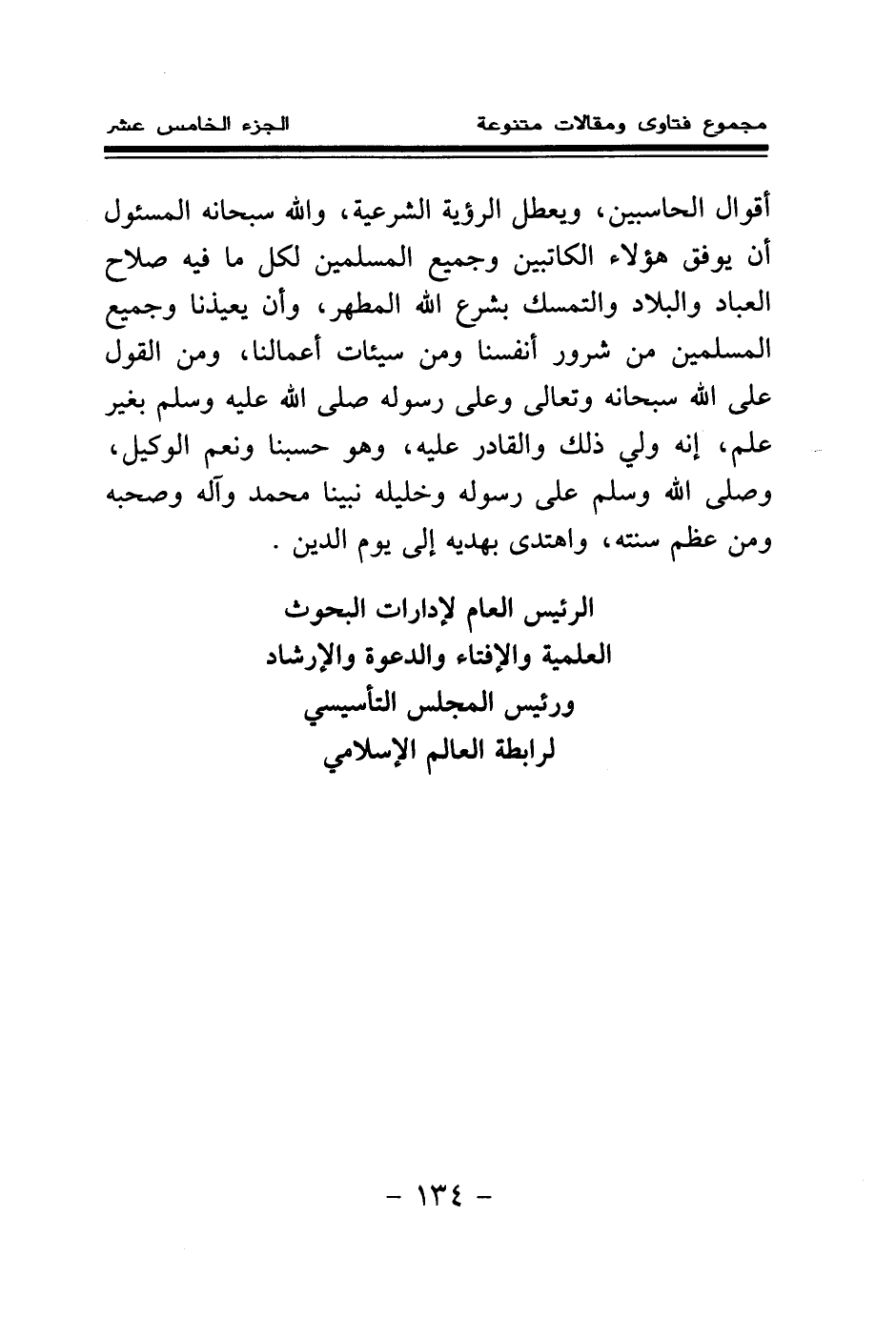 أقوال الحاسبين، ويعطل الرؤية الشرعية، والله سبحانه المسئول أن يوفق هؤلاء الكاتبين وجميع المسلمين لكل ما فيه صلاح العباد والبلاد والتمسك بشرع الله المطهر، وأن يعيذنا وجميع المسلمين من شرور أنفسنا ومن سيئات أعمالنا، ومن القول على الله سبحانه وتعالى وعلى رسوله صلى الله عليه وسلم بغير علم، إنه ولي ذلك والقادر عليه، وهو حسبنا ونعم الوكيل، وصلى الله وسلم على رسوله وخليله، نبينا محمد وآله وصحبه ومن عظم سنته واهتدى بهديه إلى يوم الدين.
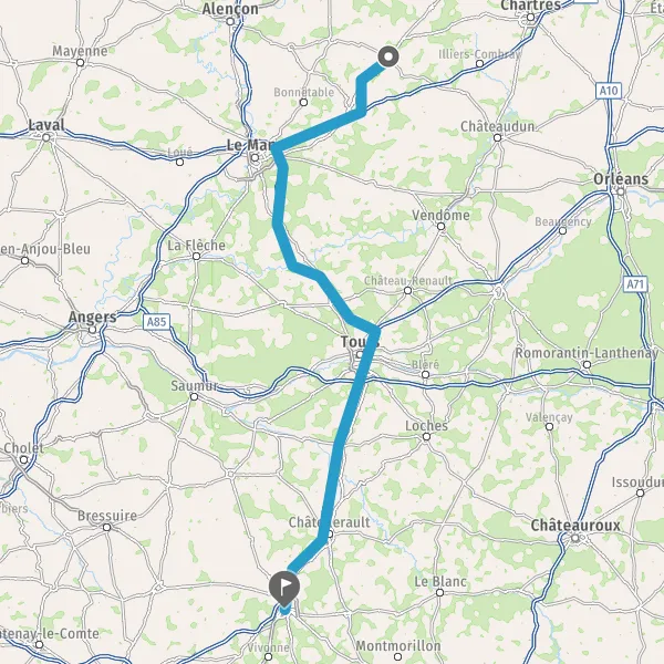 Prendre à droite et rejoindre A11 E50. Continuer sur 31 kilomètres
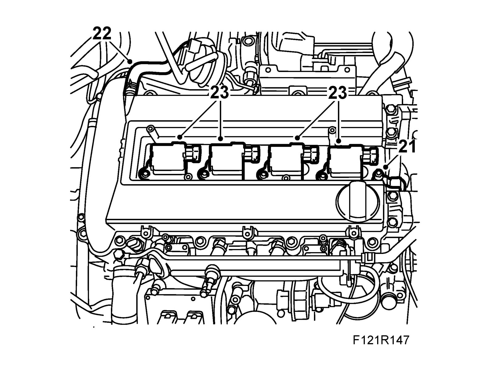 22. Connect the crankcase ventilation hose to the camshaft cover.
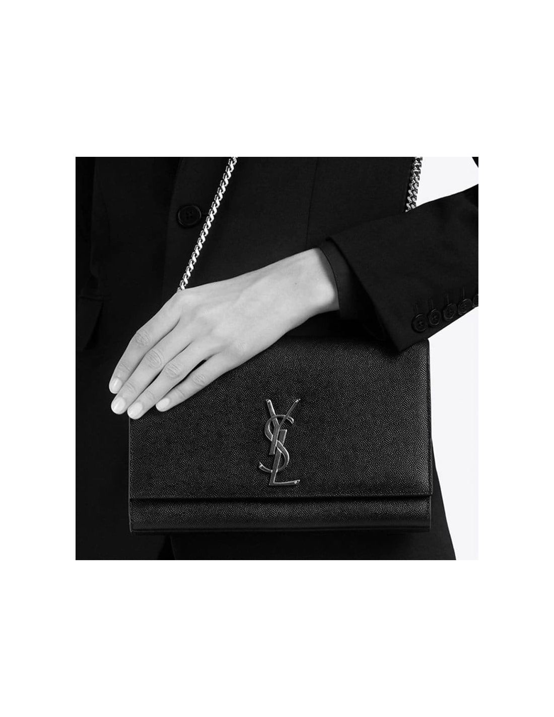 CLASSIC MONOGRAM Saint Laurent GOURMETTE CHAIN SHOULDER BAG WITH INTERLOCKING METAL YSL SIGNATURE.
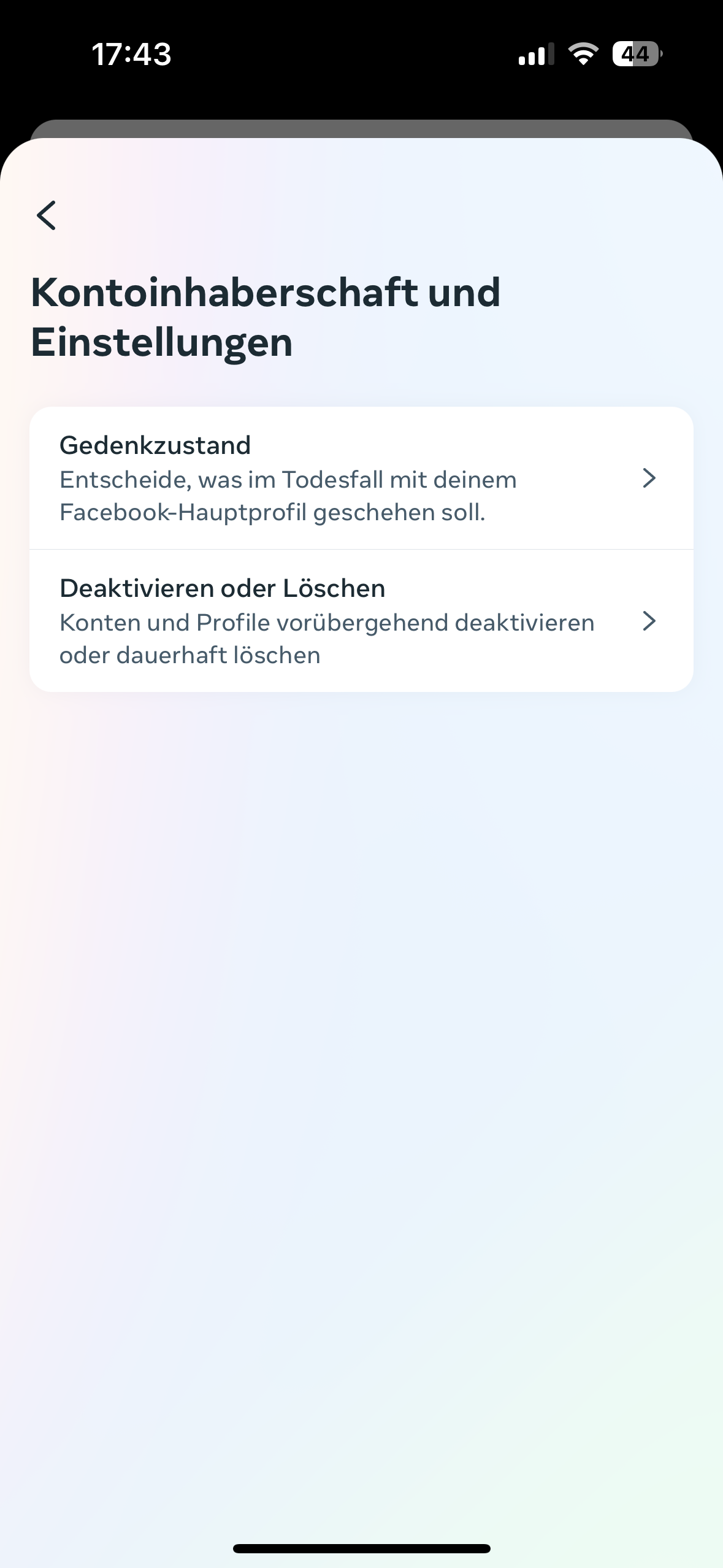 Wähle im Menü „Kon­to­in­ha­ber­schaft und Ein­stel­lun­gen“ die Option „De­ak­ti­vie­ren oder Löschen“ aus.
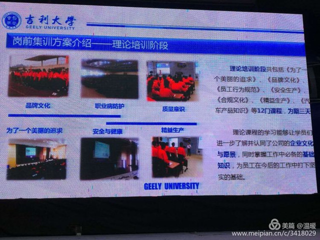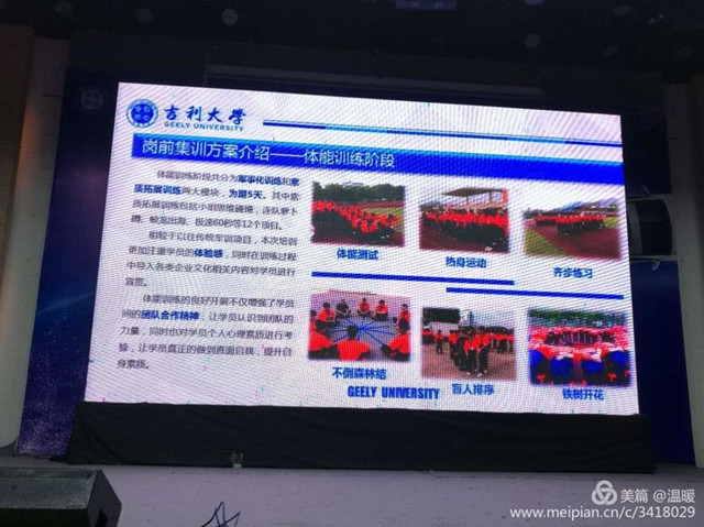 在座的各位學(xué)員,今天你們能加入這樣一個(gè)優(yōu)秀的企業(yè),通過(guò)集訓(xùn),成為它的一員,這是吉利的榮幸,也是你們的榮幸,更是你們的機(jī)遇。你們以前在學(xué)校學(xué)到的更多的是書(shū)本的理論知識(shí),我相信,通過(guò)為時(shí)倆周時(shí)間的培訓(xùn)。你們的體能將更加的強(qiáng)健,你們的意志將更加的堅(jiān)強(qiáng),你們的作風(fēng)會(huì)更加的優(yōu)良,你們的專業(yè)技能會(huì)得到大幅的提升,你們的團(tuán)隊(duì)協(xié)作的精神會(huì)大大的增強(qiáng)。吉利集團(tuán)雄厚的實(shí)力,先進(jìn)的技術(shù),高效的管理,完善的制度,都將是你們學(xué)之不盡,用之不竭的精神財(cái)富,希望你們?cè)谶@里能學(xué)有所成,成為一名真正的吉利人。
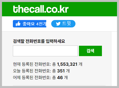 두번째는 더콜 사이트입니다. 위 사이트는 연락처를 입력하면 어떤 스팸전화인지도 알 수 있습니다. 예를 들면 피싱사기문자, 보험광고, 부동산 분양광고 인지를 파악할 수 있습니다.

INSTRUCTIONS FOR THE TASK >>
The line containing "22. Connect the" and all lines after it, through the last line of the records, should be returned exactly. Omit the pictures.

TASK ANSWER >>
 22. Connect the crankcase ventilation hose to the camshaft cover.
 CLASSIC MONOGRAM Saint Laurent GOURMETTE CHAIN SHOULDER BAG WITH INTERLOCKING METAL YSL SIGNATURE.
 Wähle im Menü „Kon­to­in­ha­ber­schaft und Ein­stel­lun­gen“ die Option „De­ak­ti­vie­ren oder Löschen“ aus.
 在座的各位學(xué)員,今天你們能加入這樣一個(gè)優(yōu)秀的企業(yè),通過(guò)集訓(xùn),成為它的一員,這是吉利的榮幸,也是你們的榮幸,更是你們的機(jī)遇。你們以前在學(xué)校學(xué)到的更多的是書(shū)本的理論知識(shí),我相信,通過(guò)為時(shí)倆周時(shí)間的培訓(xùn)。你們的體能將更加的強(qiáng)健,你們的意志將更加的堅(jiān)強(qiáng),你們的作風(fēng)會(huì)更加的優(yōu)良,你們的專業(yè)技能會(huì)得到大幅的提升,你們的團(tuán)隊(duì)協(xié)作的精神會(huì)大大的增強(qiáng)。吉利集團(tuán)雄厚的實(shí)力,先進(jìn)的技術(shù),高效的管理,完善的制度,都將是你們學(xué)之不盡,用之不竭的精神財(cái)富,希望你們?cè)谶@里能學(xué)有所成,成為一名真正的吉利人。
 두번째는 더콜 사이트입니다. 위 사이트는 연락처를 입력하면 어떤 스팸전화인지도 알 수 있습니다. 예를 들면 피싱사기문자, 보험광고, 부동산 분양광고 인지를 파악할 수 있습니다.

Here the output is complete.